Константин Кропоткин - Сожители. Опыт кокетливого детектива
Возникнув из кусков и обрывков, из маловнятных, в сущности, воплей, картина эта превратилась в неотменимый факт моей биографии.
Марк захлебывался в словах, а я, держа возле уха трубку, видел эту картину – детальный снимок. Так лежал он, скоропостижно мертвый; дверь приоткрылась, в ателье сунула нос любопытная соседка, пожелавшая узнать, почему не заперто, глянула, обмерла – и бросилась звонить куда следует.

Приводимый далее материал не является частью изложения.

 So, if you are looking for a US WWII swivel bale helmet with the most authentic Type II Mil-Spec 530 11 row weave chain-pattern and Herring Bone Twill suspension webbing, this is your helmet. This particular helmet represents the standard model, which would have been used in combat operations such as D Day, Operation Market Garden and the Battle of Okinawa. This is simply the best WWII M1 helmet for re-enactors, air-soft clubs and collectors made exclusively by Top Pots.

Я ведь как раз хотел позвонить Андрею, я хотел спросить у него «какого черта?» и – бывает же такое! – ради этого и взял свой телефон. Я начал искать в адресной книжке аппарата номер портняжки, но трубка вдруг задрожала, запищала, задрыгалась. «Marusja», – сообщил экран.

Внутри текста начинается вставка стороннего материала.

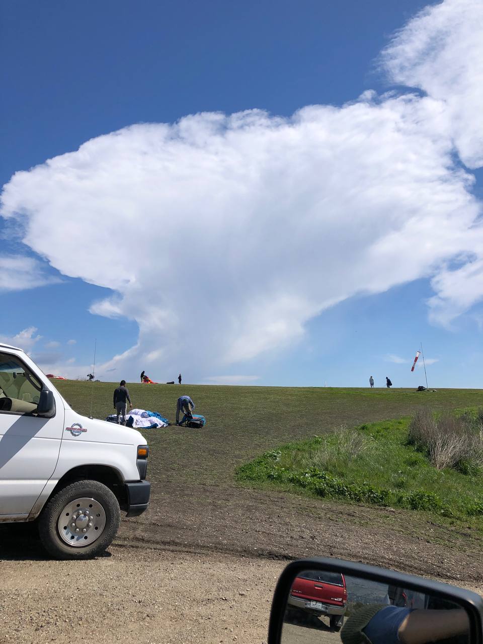 The Skyport (launch) shaded over with a half dozen pilots queued up and a couple more spread on launch wanting something more robust than zero to 2-ish, so I needed to use the “push” protocol again. Having learned my lesson from the previous occasion I was conscious to slow down and be more diplomatic. I debated about pushing for a minute to evaluate if I was willing to go without delay in whatever, which the protocol expects. Garcia graciously ran interference, spreading my canopy with a crown shape and the leading-edge tension I prefer for calm air pullups.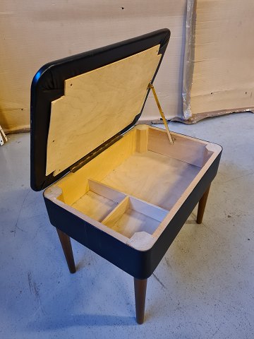 Puf i kunstlæder med ben af bøgetræ, fra 1960erne.

– У-би-ли, – завыл и завсхлипывал Марк, – Человека у-би-ли….
Ему позвонили Сеня с Ваней и доложили обо всем, а им сказал Тема, у которого есть Володя, а тот, как человек при исполнении, чуть ли не сам выезжал на место, выспрашивая трясущуюся соседку, с кем жил труп, что делал….
Да, подтвердил Марк, Вова все знает точно. Нет, он не ошибается. Уже и в блогах вовсю пишут – убили – у-би-ли – Марк опять заквохтал курицей.
Я нажал красную кнопку, выключил телефон. Как во сне встал, подошел к окну – и долго смотрел на людей и машины, сновавшие внизу.
Что-то сжалось внутри. Странным образом скукожилось, подогнулось, и мне нужно было время, чтобы чуть-чуть расправиться, снова вернуть себе возможность ходить, говорить, действовать.
День был хороший, теплый, солнечный. Был летний день, я не говорил, что уже вовсю полыхало лето? Через дорогу по пешеходному переходу неловко бежала девушка в шароварах и белой маечке, было видно, что бегает она редко, и ей неудобно бежать в этих раскидистых пестрых штанах.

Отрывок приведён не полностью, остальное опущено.